> [Available data]:
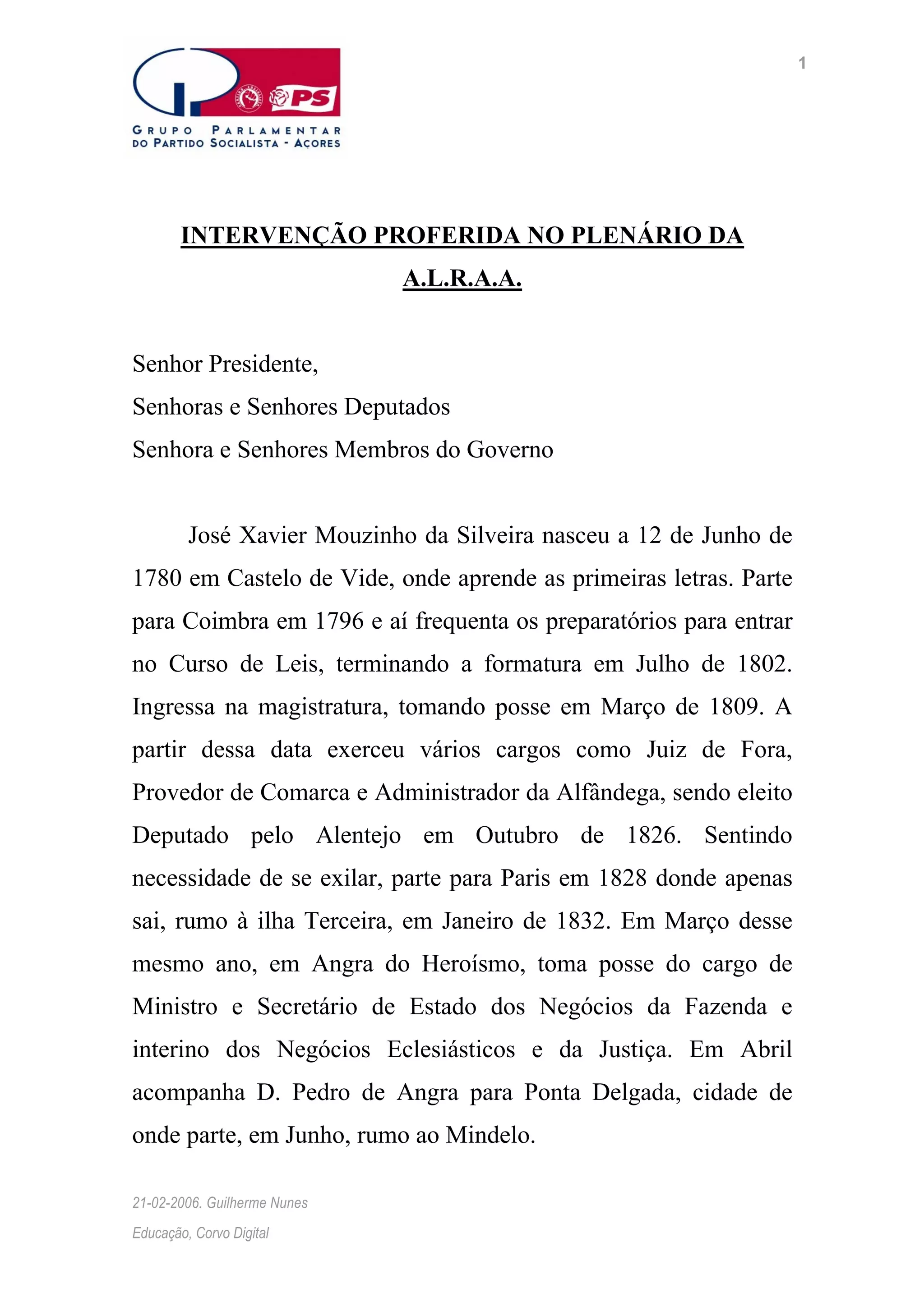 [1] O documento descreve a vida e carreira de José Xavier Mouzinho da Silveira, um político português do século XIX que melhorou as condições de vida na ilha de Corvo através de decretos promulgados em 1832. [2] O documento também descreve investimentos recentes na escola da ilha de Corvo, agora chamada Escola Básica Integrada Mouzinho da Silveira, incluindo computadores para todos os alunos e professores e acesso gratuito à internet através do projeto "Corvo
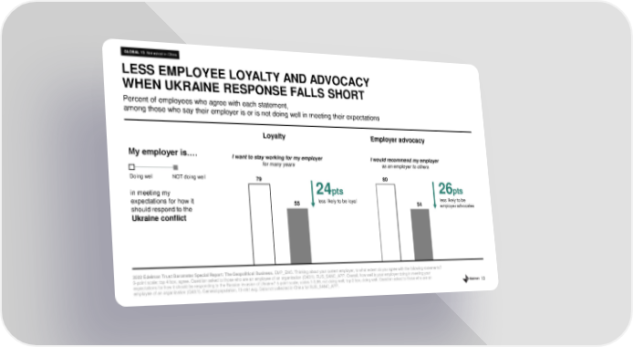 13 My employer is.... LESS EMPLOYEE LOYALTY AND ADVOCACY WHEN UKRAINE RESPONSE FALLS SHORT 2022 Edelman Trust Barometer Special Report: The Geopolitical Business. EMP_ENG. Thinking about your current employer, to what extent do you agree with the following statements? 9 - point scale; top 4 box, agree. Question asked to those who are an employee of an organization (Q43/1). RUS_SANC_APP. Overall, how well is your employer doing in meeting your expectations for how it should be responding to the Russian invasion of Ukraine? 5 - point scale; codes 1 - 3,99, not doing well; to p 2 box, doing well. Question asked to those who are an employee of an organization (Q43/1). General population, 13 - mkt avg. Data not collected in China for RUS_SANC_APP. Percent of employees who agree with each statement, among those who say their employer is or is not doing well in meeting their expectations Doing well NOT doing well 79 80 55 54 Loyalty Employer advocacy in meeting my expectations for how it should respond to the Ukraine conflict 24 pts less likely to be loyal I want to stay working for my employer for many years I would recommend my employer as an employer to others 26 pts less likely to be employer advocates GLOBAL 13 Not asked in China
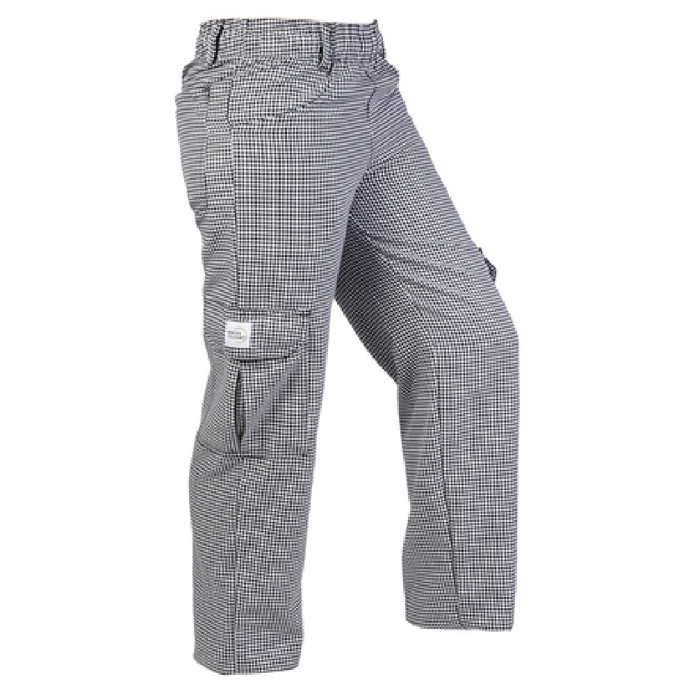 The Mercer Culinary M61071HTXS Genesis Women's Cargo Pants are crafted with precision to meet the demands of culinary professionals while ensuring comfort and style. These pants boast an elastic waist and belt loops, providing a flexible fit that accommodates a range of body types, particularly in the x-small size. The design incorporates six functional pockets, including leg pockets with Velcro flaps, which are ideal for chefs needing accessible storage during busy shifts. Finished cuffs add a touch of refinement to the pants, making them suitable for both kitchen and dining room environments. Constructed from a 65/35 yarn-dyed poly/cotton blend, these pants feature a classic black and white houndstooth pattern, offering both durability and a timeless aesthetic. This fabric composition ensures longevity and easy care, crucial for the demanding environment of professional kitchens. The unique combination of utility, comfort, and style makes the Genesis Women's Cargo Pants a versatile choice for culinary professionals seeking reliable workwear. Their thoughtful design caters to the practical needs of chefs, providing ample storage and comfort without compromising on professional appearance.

> [What you are asked to do]: Go through the data above and print exactly the lines from its first line through the line holding "13 My employer", both included, leaving pictures aside.

> [Reply to the task]:
 [1] O documento descreve a vida e carreira de José Xavier Mouzinho da Silveira, um político português do século XIX que melhorou as condições de vida na ilha de Corvo através de decretos promulgados em 1832. [2] O documento também descreve investimentos recentes na escola da ilha de Corvo, agora chamada Escola Básica Integrada Mouzinho da Silveira, incluindo computadores para todos os alunos e professores e acesso gratuito à internet através do projeto "Corvo
 13 My employer is.... LESS EMPLOYEE LOYALTY AND ADVOCACY WHEN UKRAINE RESPONSE FALLS SHORT 2022 Edelman Trust Barometer Special Report: The Geopolitical Business. EMP_ENG. Thinking about your current employer, to what extent do you agree with the following statements? 9 - point scale; top 4 box, agree. Question asked to those who are an employee of an organization (Q43/1). RUS_SANC_APP. Overall, how well is your employer doing in meeting your expectations for how it should be responding to the Russian invasion of Ukraine? 5 - point scale; codes 1 - 3,99, not doing well; to p 2 box, doing well. Question asked to those who are an employee of an organization (Q43/1). General population, 13 - mkt avg. Data not collected in China for RUS_SANC_APP. Percent of employees who agree with each statement, among those who say their employer is or is not doing well in meeting their expectations Doing well NOT doing well 79 80 55 54 Loyalty Employer advocacy in meeting my expectations for how it should respond to the Ukraine conflict 24 pts less likely to be loyal I want to stay working for my employer for many years I would recommend my employer as an employer to others 26 pts less likely to be employer advocates GLOBAL 13 Not asked in China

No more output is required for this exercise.